Sound can be like a black hole: it draws in, with an unmatched ferociousness, all things around it so that nothing can escape, so that what we hear is a complex, entirely unique soundscape. Take Matana Roberts, a sound experimentalist and epic saxophonist from New York. Her ongoing work, Coin Coin, is described as “panoramic sound quilting,” a term that comes fully to life through its latest installation, river run thee. Using field recordings, her own voice, loops, her saxophone, and other tools, Roberts curates wide sonic spaces that bring the histories of jazz and spoken word into the mix. Roberts’s work directly confronts certain ills of society, in particular issues concerning race and history, and in Resonance she’ll do so by conceptually and physically responding to Black Vessel for a Saint (2017), a work by Theaster Gates in the Minneapolis Sculpture Garden.
Resonance: A Sound Art Marathon is just as much concerned with sight as it is with sound.

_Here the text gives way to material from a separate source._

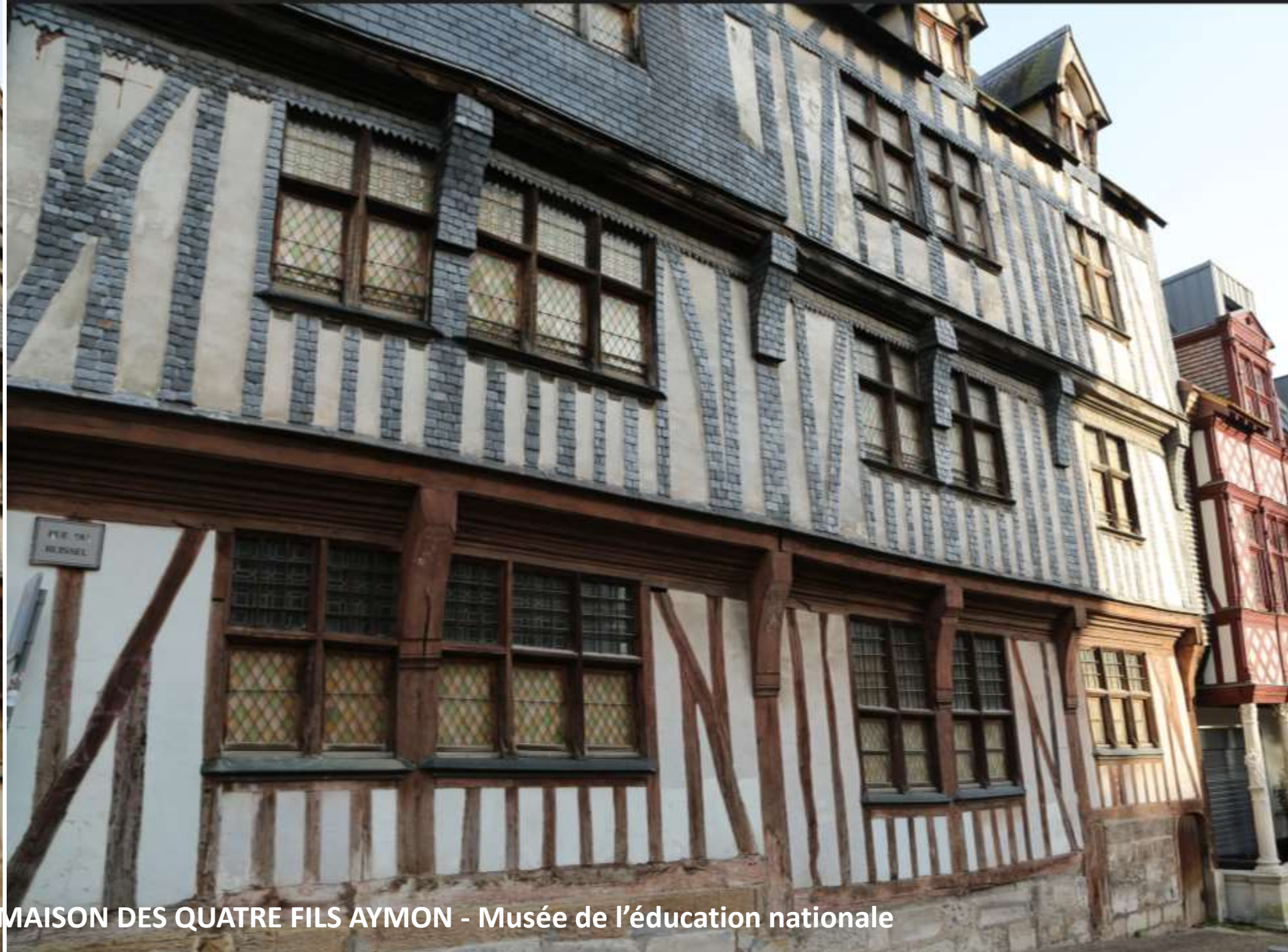
Rue Eau de Robec – LA MAISON DES QUATRE FILS AYMON - Musée de l'éducation nationale

The pavilion, the machines, and the instruments that will be generating sound, the sculptures and car parts—whatever the material, sound is a physical phenomenon. Walter Kitundu, instrument maker, sound artist, and nature enthusiast says, “Sound is deeply physical, but being aware of that fact is both a matter of scale and of calibrating our attention.” Kitundu uses the grooves of a vinyl record as a direct and leading example of this relationship.
Kitundu is widely known as an instrument creator—as in, he invents the conceptual aspects of new instruments and then actually makes them. The Kronos Quartet commissioned him to build it one of his Phonoharps, a mostly wooden structure that uses a turntable to alter the sounds of attached strings that are splayed out in a fashion reminiscent of the “golden ratio” spiral. Just one of Kitundu’s many creations, the Phonoharp embodies the idea of sound and physical objects having a closer relationship than is given up by their inherent visual properties and sense-data.

Tarek Atoui concerns himself with a similar idea in his own work. The Reverse Sessions was a project in which Atoui and his team almost completely deconstructed the idea of the instrument and sources of sound through a series of actions—performances, composing, recording, and improvising. Using ancient instruments of which the musicians had no prior knowledge, a group of artists played these artifacts with only their intuition to guide them. Atoui then took those sounds and composed group pieces around them, performing them at a later date. As a last act of obscurity, he took these recordings—just the sounds, no visual aspect of the instruments—and worked with inventors on creating new instruments that produced the sounds of the ancient instruments. In a way, we’re hearing echoes of sounds produced so long ago, filtered through the chrome of the present future.
As daunting as this all may seem, the only thing one has to do to understand is open their ears. This is summed up in a rebuttal to Babbitt’s essay, written by composer Christopher Palestrant: “Without both a medium and a listener, they are like an incomplete circuit: the energy has been spent, but it has no effect. Compromise is not unprofessional in a composer, as he suggests, but essential to the art.”
Though we may wonder if our sounds could exist in a vacuum, we can believe that they wouldn’t be complete without ears and eyes and bodies to fall upon. It’s entirely possible that Resonance is a synthesis of philosophies destined to remain at odds, and by creating a particular space for these artists to explore in front the public eye, they’re allowed to experiment within their own context while being given an attentive and active audience—not to mention what the physical environment, natural or otherwise, will provide as well.